Start of Dataset content
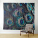 This stunning close-up photo showcases the intricate beauty of a peacock feather motif. The image captures the vivid and iridescent colours of the feather, ranging from deep blues and greens to shimmering golds and purples. Each delicate strand and eye-catching pattern is displayed in exquisite detail, highlighting the natural elegance and artistry found in nature. Perfect for adding a touch of exotic allure and sophistication to any design or project
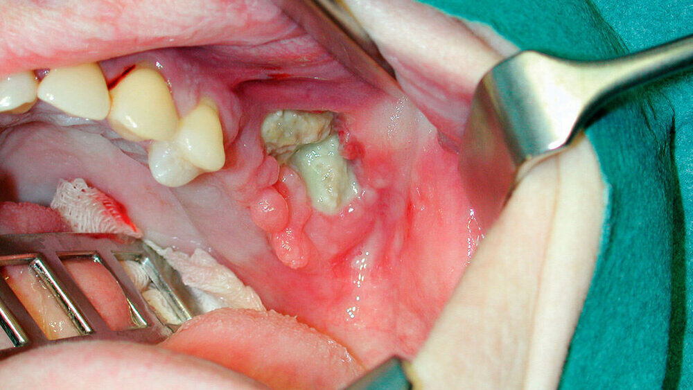 Es erfolgte eine Zahnextraktion, obwohl die Patientin über einen Zeitraum von 15 Monaten aufgrund ihrer Osteoporose Bisphosphonate (jede Woche 70 mg) genommen hatte. Vor der Extraktion wurde nicht nach der Einnahme von Bisphosphonaten gefragt.
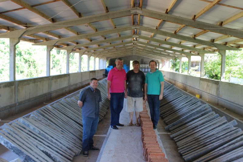 ARROIO DO MEIO – O primeiro pavilhão climatizado de suínos da BRF no Rio Grande do Sul deve alojar os primeiros animais em janeiro de 2017, na propriedade de Jair Eckert, localidade da Cascalheira. Com a obra em pleno vapor, o produtor recebeu o Prefeito Sidnei Eckert, vice Áurio Scherer e Secretário da Agricultura Paulo Heck essa semana, enquanto as máquinas do Município executavam serviços na propriedade, como forma de incentivo ao empreendimento rural e desenvolvimento econômico local.
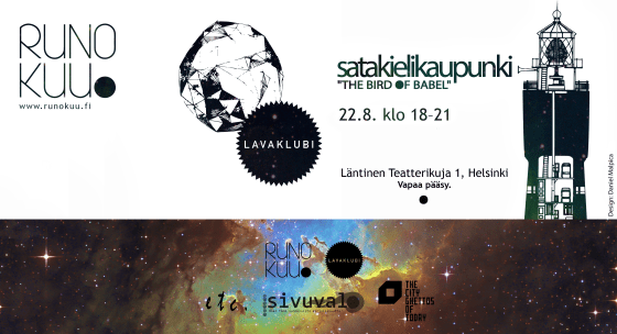 PERJANTAI 22.8. Klo 18–21 Lavaklubi, Läntinen teatterikuja 1, vapaa pääsy Sivuvalo-projektin erikielisten runoilijoiden Helsinkiin sijoittuva paikkasidonnainen runous sijoittaa kaupungin kartalle … More
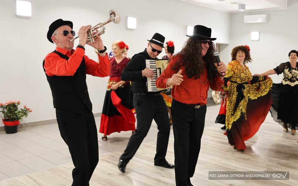 Ozdobą wieczoru był brawurowy występ zespołu Wiecznie Młodzi z piosenkami w stylu romskim, zachwycający bajecznie kolorowymi strojami i niezwykłym temperamentem artystów. Pełne pasji rytmy porwały publiczność do wspólnej zabawy – do tańca dołączył również wójt Pryczak oraz panie biorące udział w uroczystości.
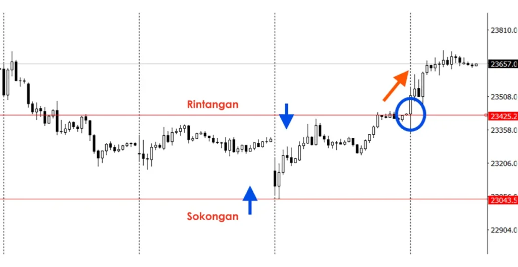 - Sekiranya volum rendah: Jika penembusan berlaku dengan volum yang rendah, situasi ini mungkin merupakan penembusan palsu (fakeout), iaitu harga mungkin berbalik arah atau bergerak mendatar serta kehilangan momentum penembusan.
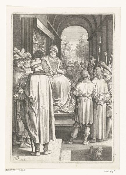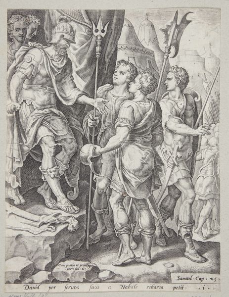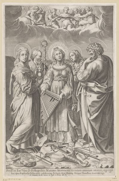 Editor: So, this is Giulio Bonasone’s 1531 engraving, "Saint Cecilia standing in the centre accompanied by Saint Paul, the Magdalene, Saint John the Evangelist, and Saint Augustine," currently at the Met. The contrast between the earthly figures and the ethereal angels above creates an interesting visual tension, doesn't it? What strikes you most about its imagery? Curator: Indeed. Look closely at Cecilia's instrument – not merely an organ, but almost a rack of pipes, suggesting a cacophony about to be unleashed. The broken instruments at her feet imply the rejection of earthly music, in favour of divine harmony. Consider, too, the watchful presence of Saint Paul, sword in hand. What power does the sword possess as a cultural symbol, and how does it contrast with Saint Cecilia’s passive disposition, don't you think? Editor: The sword represents power and conviction, versus Cecilia's quieter, musical devotion. I hadn't thought about that tension. It’s fascinating how they're juxtaposed. Curator: Exactly! And notice Augustine holding the chalice, symbolizing grace and transubstantiation – he gazes not at Cecilia, but upwards, acknowledging the source of true music. Each figure bears the weight of specific cultural and psychological meanings. It serves not only religious doctrine but reveals the artists’ understanding of history and philosophy. Editor: I see how each symbol enriches the scene beyond just the literal depiction. It becomes layered with meaning. Curator: Precisely. It shows us how symbols evolve and endure, weaving cultural memory and identity through the visual arts. It serves to capture how symbols have evolved over time. Editor: It makes me realize how much cultural knowledge is embedded in even seemingly straightforward depictions. Thanks! Curator: My pleasure. Understanding these layered meanings provides us with great insights into our collective human story.
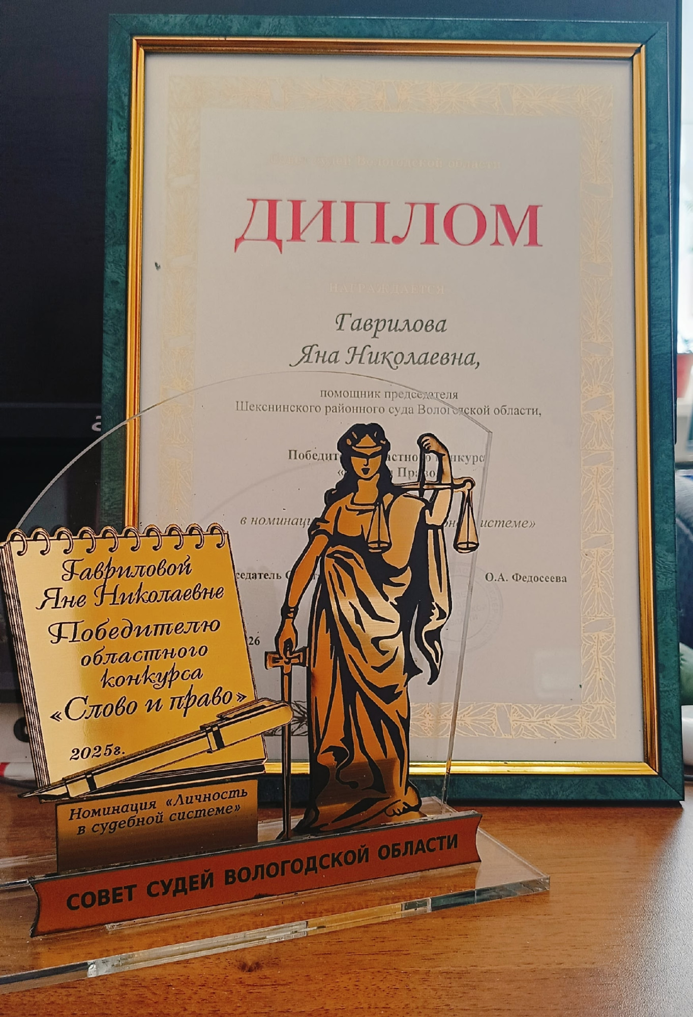 Памятным призом и дипломом награждена победитель в номинации «Личность в судебной системе» Гаврилова Яна Николаевна, помощник председателя Шекснинского районного суда.
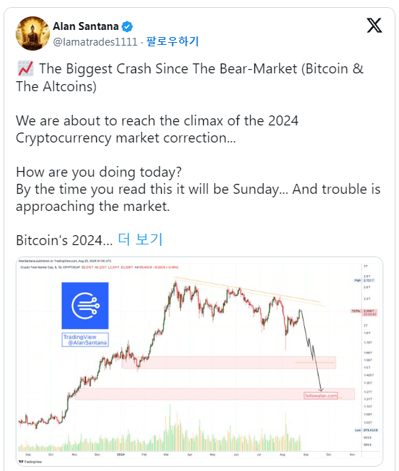 25일(현지 시간) 분석가 알란 산타나(Alan Santana)는 비트코인 차트를 엑스에 공유하며, “비트코인 항복 이벤트가 곧 도래할 것이며 알트코인을 포함한 전체 암호화폐 시장에 약세가 예상된다” 고 주장했다.
End of Dataset content
> _Problem details_
Apart from the images, please copy every line of the data exactly as written.

> _Problem solution_
 This stunning close-up photo showcases the intricate beauty of a peacock feather motif. The image captures the vivid and iridescent colours of the feather, ranging from deep blues and greens to shimmering golds and purples. Each delicate strand and eye-catching pattern is displayed in exquisite detail, highlighting the natural elegance and artistry found in nature. Perfect for adding a touch of exotic allure and sophistication to any design or project
 Es erfolgte eine Zahnextraktion, obwohl die Patientin über einen Zeitraum von 15 Monaten aufgrund ihrer Osteoporose Bisphosphonate (jede Woche 70 mg) genommen hatte. Vor der Extraktion wurde nicht nach der Einnahme von Bisphosphonaten gefragt.
 ARROIO DO MEIO – O primeiro pavilhão climatizado de suínos da BRF no Rio Grande do Sul deve alojar os primeiros animais em janeiro de 2017, na propriedade de Jair Eckert, localidade da Cascalheira. Com a obra em pleno vapor, o produtor recebeu o Prefeito Sidnei Eckert, vice Áurio Scherer e Secretário da Agricultura Paulo Heck essa semana, enquanto as máquinas do Município executavam serviços na propriedade, como forma de incentivo ao empreendimento rural e desenvolvimento econômico local.
 PERJANTAI 22.8. Klo 18–21 Lavaklubi, Läntinen teatterikuja 1, vapaa pääsy Sivuvalo-projektin erikielisten runoilijoiden Helsinkiin sijoittuva paikkasidonnainen runous sijoittaa kaupungin kartalle … More
 Ozdobą wieczoru był brawurowy występ zespołu Wiecznie Młodzi z piosenkami w stylu romskim, zachwycający bajecznie kolorowymi strojami i niezwykłym temperamentem artystów. Pełne pasji rytmy porwały publiczność do wspólnej zabawy – do tańca dołączył również wójt Pryczak oraz panie biorące udział w uroczystości.
 - Sekiranya volum rendah: Jika penembusan berlaku dengan volum yang rendah, situasi ini mungkin merupakan penembusan palsu (fakeout), iaitu harga mungkin berbalik arah atau bergerak mendatar serta kehilangan momentum penembusan.
 Editor: So, this is Giulio Bonasone’s 1531 engraving, "Saint Cecilia standing in the centre accompanied by Saint Paul, the Magdalene, Saint John the Evangelist, and Saint Augustine," currently at the Met. The contrast between the earthly figures and the ethereal angels above creates an interesting visual tension, doesn't it? What strikes you most about its imagery? Curator: Indeed. Look closely at Cecilia's instrument – not merely an organ, but almost a rack of pipes, suggesting a cacophony about to be unleashed. The broken instruments at her feet imply the rejection of earthly music, in favour of divine harmony. Consider, too, the watchful presence of Saint Paul, sword in hand. What power does the sword possess as a cultural symbol, and how does it contrast with Saint Cecilia’s passive disposition, don't you think? Editor: The sword represents power and conviction, versus Cecilia's quieter, musical devotion. I hadn't thought about that tension. It’s fascinating how they're juxtaposed. Curator: Exactly! And notice Augustine holding the chalice, symbolizing grace and transubstantiation – he gazes not at Cecilia, but upwards, acknowledging the source of true music. Each figure bears the weight of specific cultural and psychological meanings. It serves not only religious doctrine but reveals the artists’ understanding of history and philosophy. Editor: I see how each symbol enriches the scene beyond just the literal depiction. It becomes layered with meaning. Curator: Precisely. It shows us how symbols evolve and endure, weaving cultural memory and identity through the visual arts. It serves to capture how symbols have evolved over time. Editor: It makes me realize how much cultural knowledge is embedded in even seemingly straightforward depictions. Thanks! Curator: My pleasure. Understanding these layered meanings provides us with great insights into our collective human story.
 Памятным призом и дипломом награждена победитель в номинации «Личность в судебной системе» Гаврилова Яна Николаевна, помощник председателя Шекснинского районного суда.
 25일(현지 시간) 분석가 알란 산타나(Alan Santana)는 비트코인 차트를 엑스에 공유하며, “비트코인 항복 이벤트가 곧 도래할 것이며 알트코인을 포함한 전체 암호화폐 시장에 약세가 예상된다” 고 주장했다.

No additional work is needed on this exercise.